I've got a nice lovely Django site ready to go, but have observed that my error.log file was getting huge, over 150 Megabytes soon after several weeks to be live. Works out a lot of spambots are searching for well-known URL weaknesses (or something like that) and striking a lot of sub-sites like http://mysite.com/ie or http://mysite.com/~admin.php etc.

Since Django uses URL spinning, it's searching for templates to suit these demands, which boosts a TemplateDoesNotExist exception, after which a 500 message (Django performs this, not me). I've debug switched off, so that they only obtain the generic 500 message, but it is filling my logs very rapidly.

It is possible to method to turn this behavior off? Or possibly just block the IP's carrying this out?

Um, possibly, use logrotate to rotate and compress the logs periodically, whether it is not being carried out already.

"It is possible to method to turn this behavior off?" - the 500 is completely mandatory. The log entry can also be mandatory.

"Or possibly just block the IP's carrying this out?Inch - don't you want.

Everybody has this issue. Nearly everybody uses Apache log rotation. Everybody else either uses an OS rotation or comes their very own.

If you're able to look for a pattern in UserAgent string, you can utilize DISALLOWED_USER_AGENT setting. Mine is:

DISALLOWED_USER_AGENTS = (
    re.compile(r'Java'),
    re.compile(r'gigamega'),
    re.compile(r'litefinder'),
)

Begin to see the description in Django paperwork.

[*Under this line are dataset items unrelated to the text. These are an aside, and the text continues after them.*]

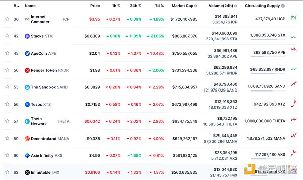 NFT總市值、市值排名前十項目 數據來源:Coinmarketcap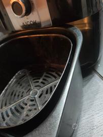 Friggitrice ad aria Aicok AHF001 ha dimensioni che almeno per lo spazio che ho in cucina risultano ingombranti – 31 x 31 x 25 cm – ma sono in effetti giustificate dal fatto che si tratta di un modello L, pensato per 4 o 5 persone. Nonostante questo, è una friggitrice ad aria molto semplice da usare e maneggevole da spostare, considerato che pesa meno di 6 chili. L’esterno della friggitrice AHF001 è interamente in plastica, priva di BPA, che non contiene quindi materiali nocivi alla salute. L'interno, invece, è in acciaio inossidabile, il che la rende molto robusta, mentre il cestello è rivestito con materiale antiaderente. Sono tutti materiali che rispettano l’ambiente e la salute se curati a dovere, soprattutto durante la pulizia, dove è meglio usare spugne e prodotti non abrasivi. Dopo il suo utilizzo sarà sufficiente un panno bagnato e ben strizzato per eliminare eventuali impronte. Il modello AHF001 presenta un display esterno e ha 7 programmi di cottura, un timer che va da 0 a 30 minuti e una temperatura regolabile tra gli 80° a 200° gradi.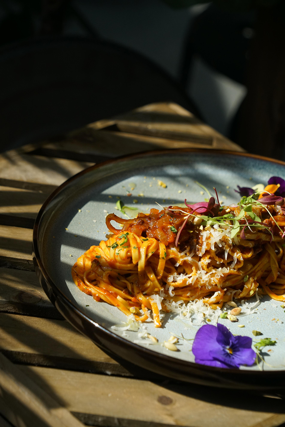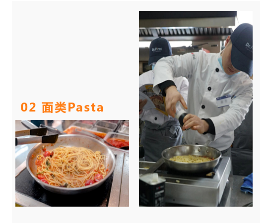 意大利面的烹制流程不算复杂,提前烹煮至七八分熟,沥水备用。各式食材(蔬菜、肉、海鲜等)和酱汁也都可提前制作备用。开门营业时便可即点即做,数分钟即可完成制作,出餐速度非常快。

Django ought to be tossing a 404, not really a 500, when the URL does not match any records inside your URLConf.

http://paperwork.djangoproject.com/en/dev/subjects/http/web addresses/#handler404

You have to give a 404 template:

If you do not define your personal 404 view -- and just make use of the default, that is suggested -- you've still got one obligation: To produce a 404.html template within the cause of your template directory. The default 404 view uses that template for those 404 errors.

A programming solution is always to :

  • open the log file
  • browse the lines inside a buffer
  • replace the lines that match the errors the bots triggered
  • aim to the start of the file
  • write the brand new buffer
  • truncate the file to current pointer position
  • close

Voila ! It's done !

What about establishing a catch-all pattern because the last item inside your web addresses file and pointing it to some generic "no such page" as well as your home page? Quite simply, turn 500's into demands for the home page.

Why don't you fix individuals "bugs"? If your url pattern isn't matched up, a proper error message ought to be proven. With the addition of individuals templates you'll assist the user and yourself :-)

  1. Yes, it ought to be a 404, not really a 500. 500 signifies something is attempting to handle the URL and it is failing along the way. You have to find and connect that.

  2. You will find there's similar problem. Since we're running Apache/mod_python, I selected to cope with it inshtaccess with mod_rewrite rules. I periodically consider the logs and give a couple of designs to my "visit hell" list. All of these rewrite to provide a 1x1 pixel presen file. There's no tsunami of 404s to clutter up my log analysis also it puts minimal strain on Django and Apache.

You cannot make these a**holes disappear, so that all you should do is minimize their effect on the body and start your existence.